--- Raw data ---
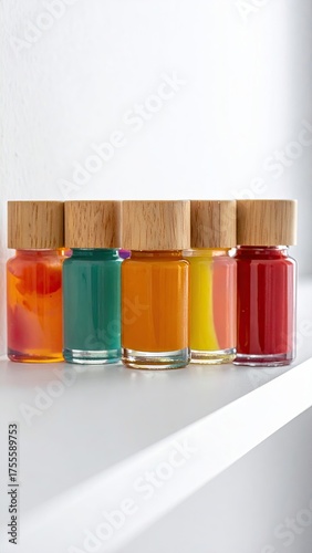 jar, liquid, colours, bottle, wooden, lid, glasses, orange, green, yellow, red, pink, hue, vibrant, bright, sunshine, illumination, light, shadow, white, shelf, row, display, colourful, art, paint, pigment, solution, extract, essence, dye, collection, assortment, array, spectrum, variety, organic, natural, simple, minimal, still, life, product, decoration, design, studio, aesthetic, clear
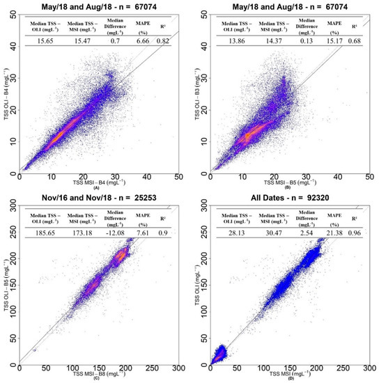 A comparison between the cloud-free images acquired at concurrent overpasses of both sensors were corrected for atmospheric effects using 6S and also by glint effects. Then, TSS-calibrated algorithms were applied to the corrected images to assess the congruence of the TSS estimates [99]. A search for matchups at Curuai Lake from 2015 to 2019 resulted in two scenes for the low-water season (Nov/11/16 and Nov/01/2018), one for the high-water season (May/25/2018) and one for the receding season (Aug/13/2018). Randomly selected 100,000 samples were used to compute Rrs for both sensors. These Rrs were first used to compute the Modified Normalized Water Index [100] (MNDWI: (Rrs,green − Rrs,SWIR)/(Rrs,green + Rrs,SWIR)), setting a threshold of 0.3 to build a water mask. Besides the statistical indexes MAPE and R², the median difference (MD) between OLI and MSI TSS retrievals was also calculated using OLI as a reference [47].
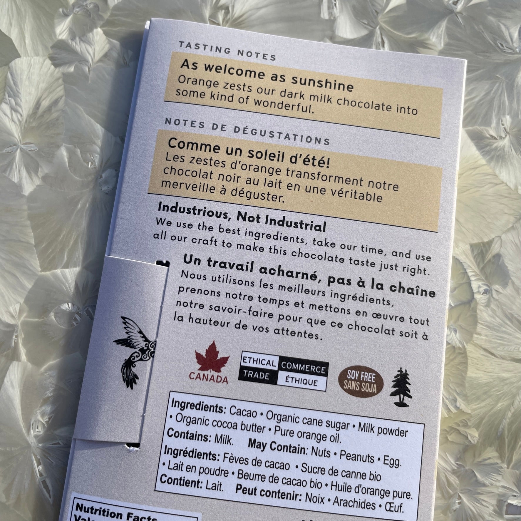 A zesty chocolate bar that's as welcome as sunshine! All it takes is a drop of pure orange essence to transform and elevate our already magical dark milk chocolate. Made with organic, ethically-sourced cacao from Uganda.
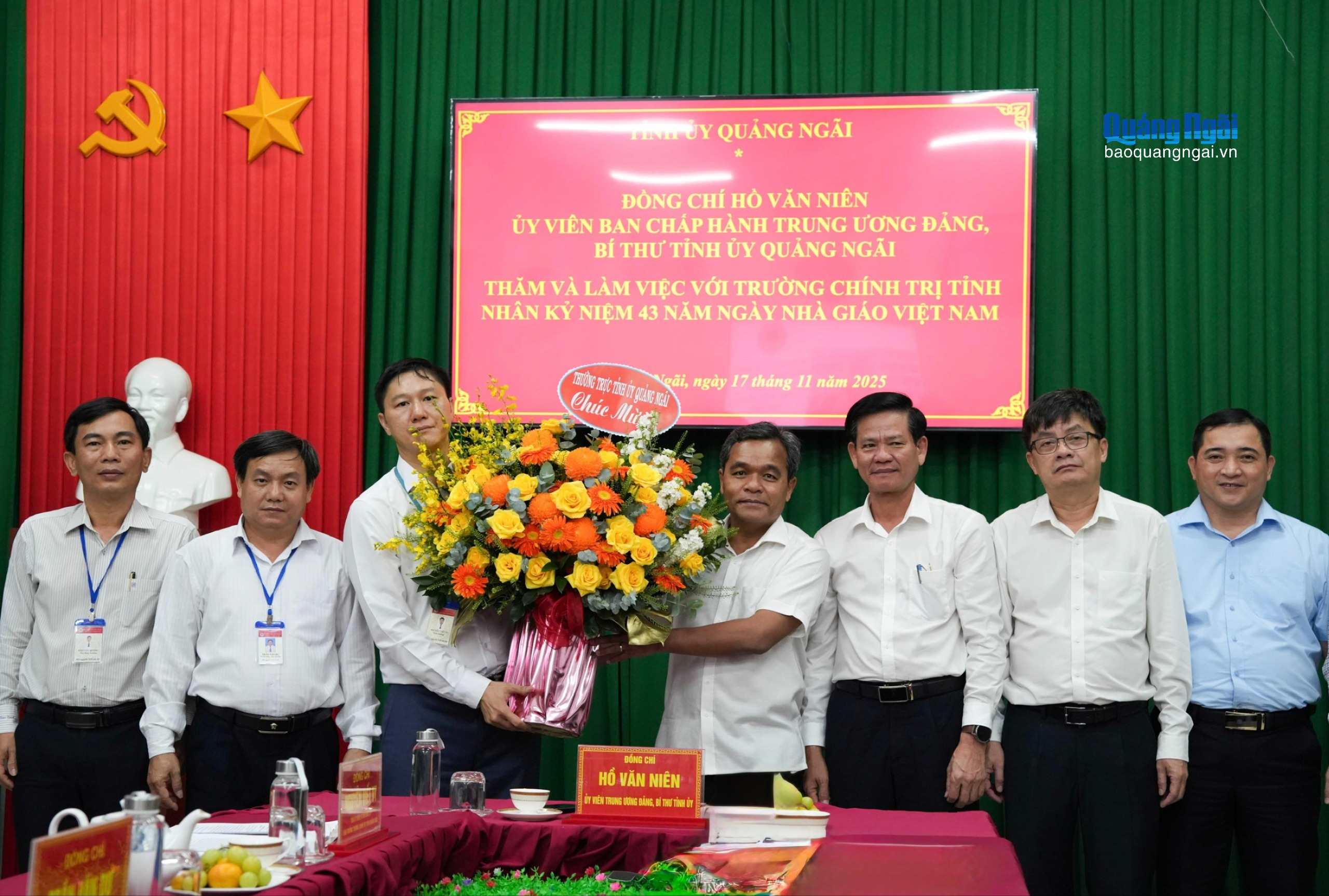 Nhân kỷ niệm 43 năm ngày Nhà giáo Việt Nam (20/11/1982 - 20/11/2025), Ủy viên Trung ương Đảng, Bí thư Tỉnh ủy Hồ Văn Niên tặng hoa, gửi lời chúc mừng đến tập thể lãnh đạo, cán bộ, giảng viên và nhân viên Trường Chính trị tỉnh.
---
What you are asked to do: Write out the data above exactly as it appears, but without any image.

Result of this exercise:
 jar, liquid, colours, bottle, wooden, lid, glasses, orange, green, yellow, red, pink, hue, vibrant, bright, sunshine, illumination, light, shadow, white, shelf, row, display, colourful, art, paint, pigment, solution, extract, essence, dye, collection, assortment, array, spectrum, variety, organic, natural, simple, minimal, still, life, product, decoration, design, studio, aesthetic, clear
 A comparison between the cloud-free images acquired at concurrent overpasses of both sensors were corrected for atmospheric effects using 6S and also by glint effects. Then, TSS-calibrated algorithms were applied to the corrected images to assess the congruence of the TSS estimates [99]. A search for matchups at Curuai Lake from 2015 to 2019 resulted in two scenes for the low-water season (Nov/11/16 and Nov/01/2018), one for the high-water season (May/25/2018) and one for the receding season (Aug/13/2018). Randomly selected 100,000 samples were used to compute Rrs for both sensors. These Rrs were first used to compute the Modified Normalized Water Index [100] (MNDWI: (Rrs,green − Rrs,SWIR)/(Rrs,green + Rrs,SWIR)), setting a threshold of 0.3 to build a water mask. Besides the statistical indexes MAPE and R², the median difference (MD) between OLI and MSI TSS retrievals was also calculated using OLI as a reference [47].
 A zesty chocolate bar that's as welcome as sunshine! All it takes is a drop of pure orange essence to transform and elevate our already magical dark milk chocolate. Made with organic, ethically-sourced cacao from Uganda.
 Nhân kỷ niệm 43 năm ngày Nhà giáo Việt Nam (20/11/1982 - 20/11/2025), Ủy viên Trung ương Đảng, Bí thư Tỉnh ủy Hồ Văn Niên tặng hoa, gửi lời chúc mừng đến tập thể lãnh đạo, cán bộ, giảng viên và nhân viên Trường Chính trị tỉnh.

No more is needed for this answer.